AYHAN: – Burası kütüphane arkadaş… Bir kişinin, beş kişinin sözü mü olur…
FİKRET: – Canım, bize ne başkasından? Şurasını açanlardan Allah razı olsun? Ara sıra geliyoruz, istediğimiz kitabı alıp okuyoruz… Tenha oluşu daha iyi ya…
(Ayrı ayrı masalara çantalarını koyarlar. Sandalyelere otururlar.)
FİKRET: – (Devamla) Bak, kalabalık olsa bir kişiye bir masa düşer mi böyle? Aç kitabını rahat rahat çalış… (Çantasından bir kitap çıkarır.) Yardımcı bir kitap ararsan raflar, dolaplar kitap dolu.

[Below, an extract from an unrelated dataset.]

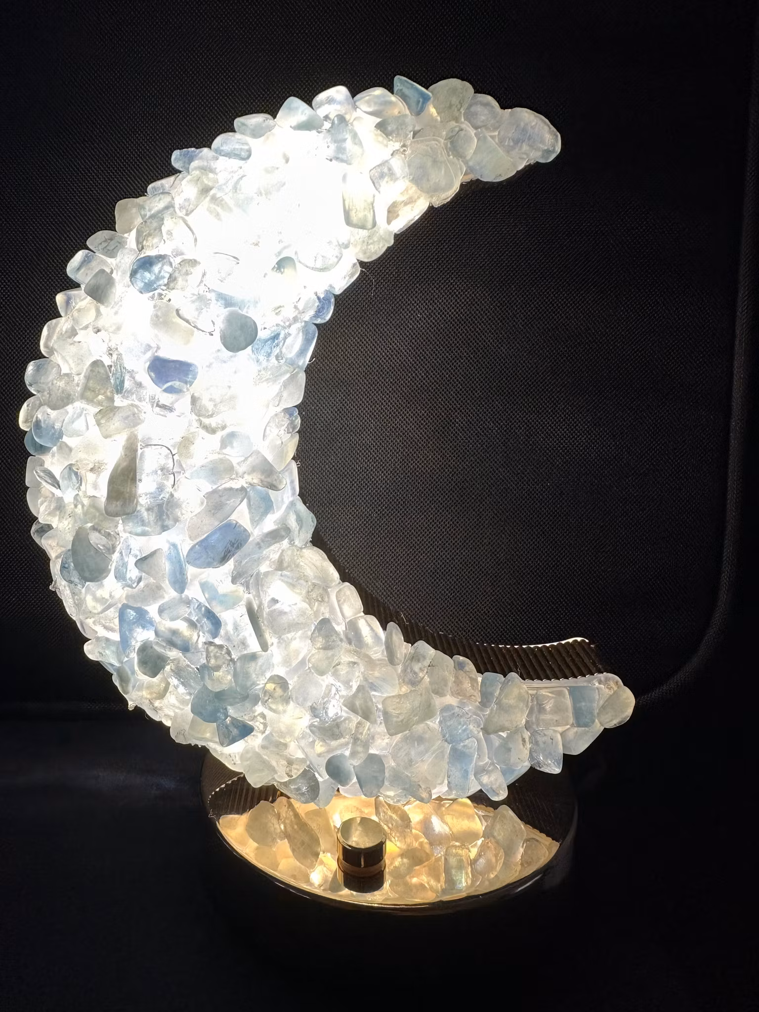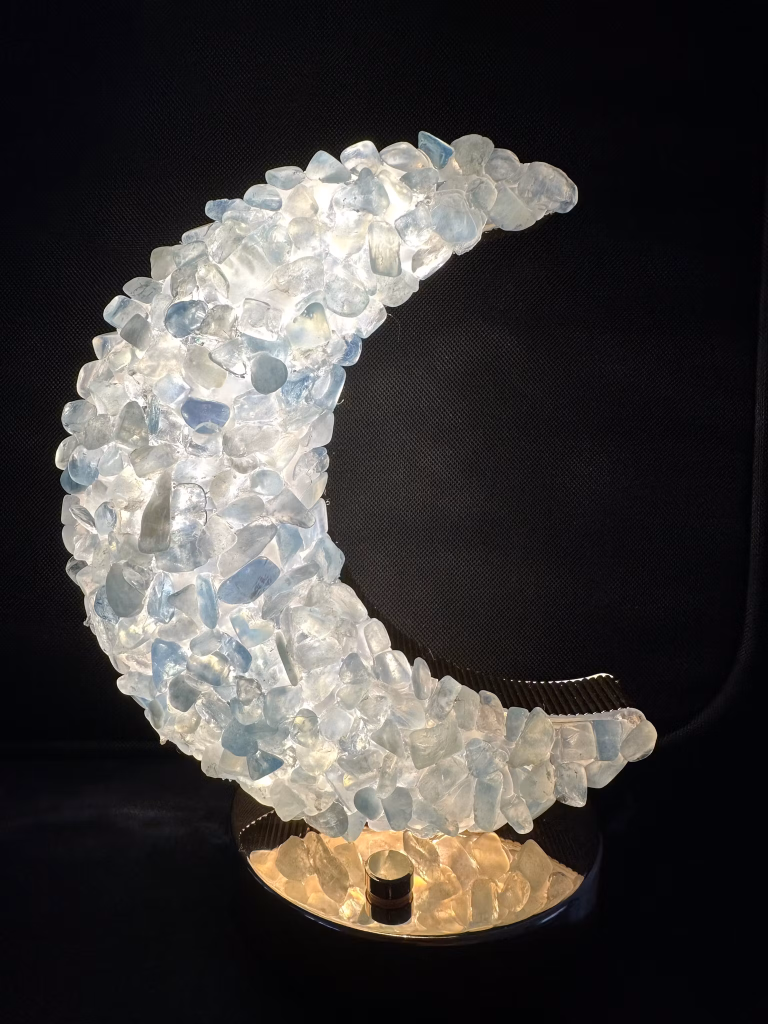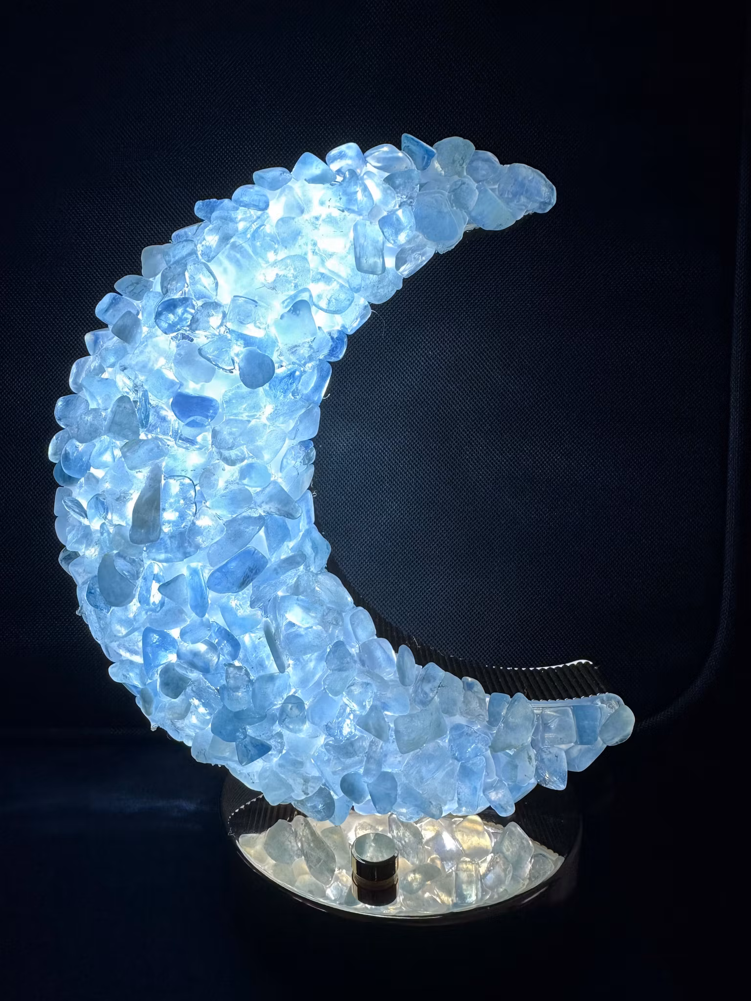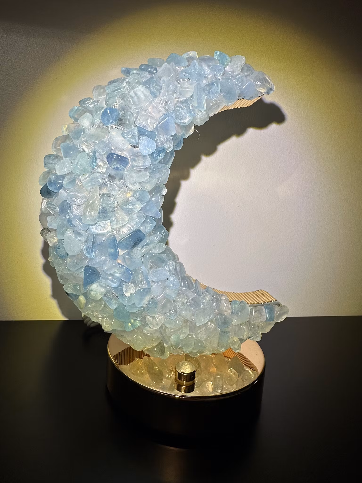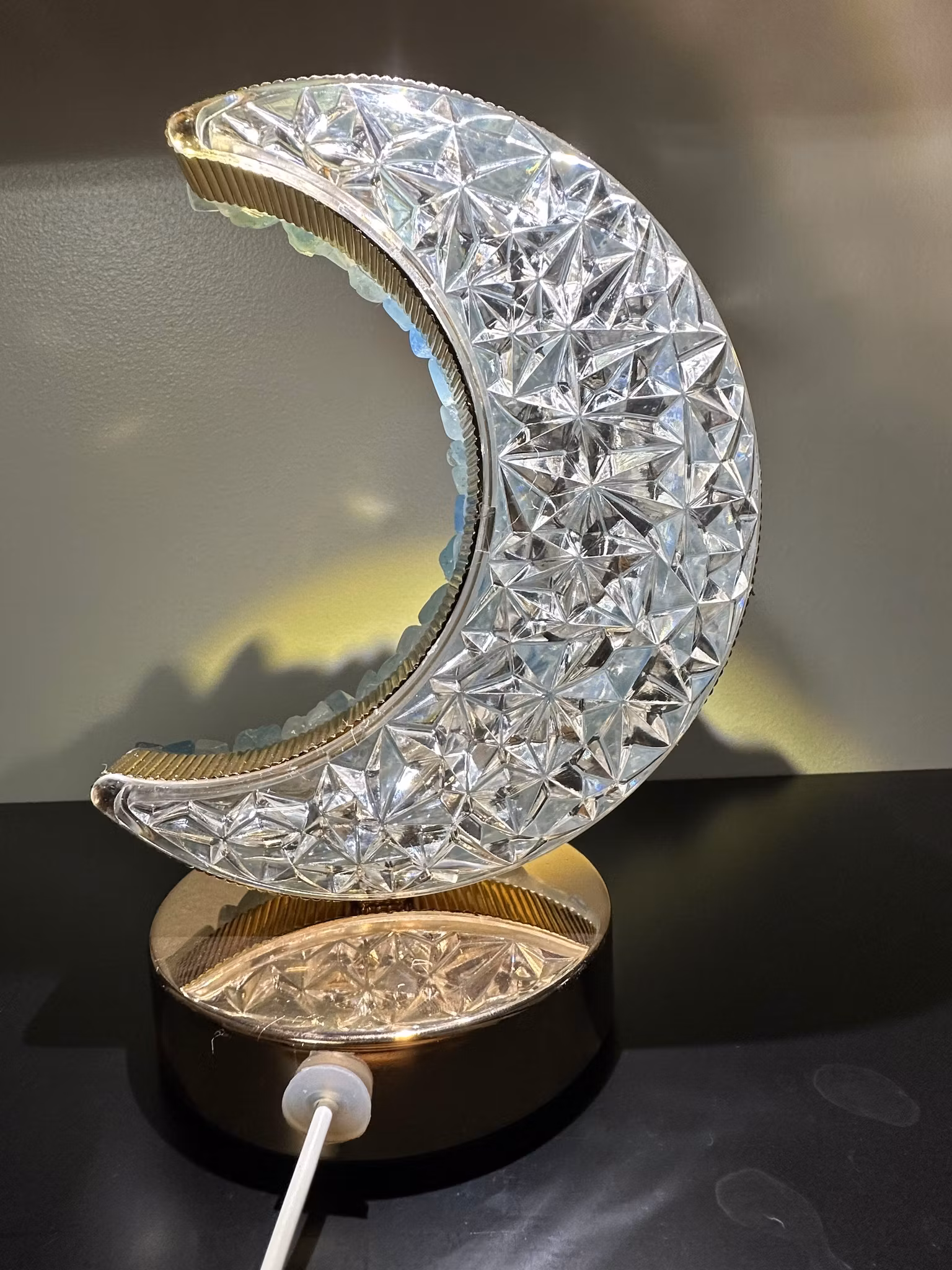 Elegant design möter mjukt skenMed sin naturliga Kyanit Kristall och 3D-design (måne) är en lampa för både vardag och speciella tillfällen – lika uppskattad som

AYHAN: – Bugün canım hiç çalışmak istemiyor.
FİKRET: – Neden?
AYHAN: – Ne bileyim, istemiyorum işte…
FİKRET: – Öyleyse, neden geldin buraya?
AYHAN: – Seni yalnız bırakmamak için
FİKRET: – Çok naziksiniz küçük bey… İnsan hiç kitaplıkta yalnız kalır mı? Burada arkadaştan çok ne var…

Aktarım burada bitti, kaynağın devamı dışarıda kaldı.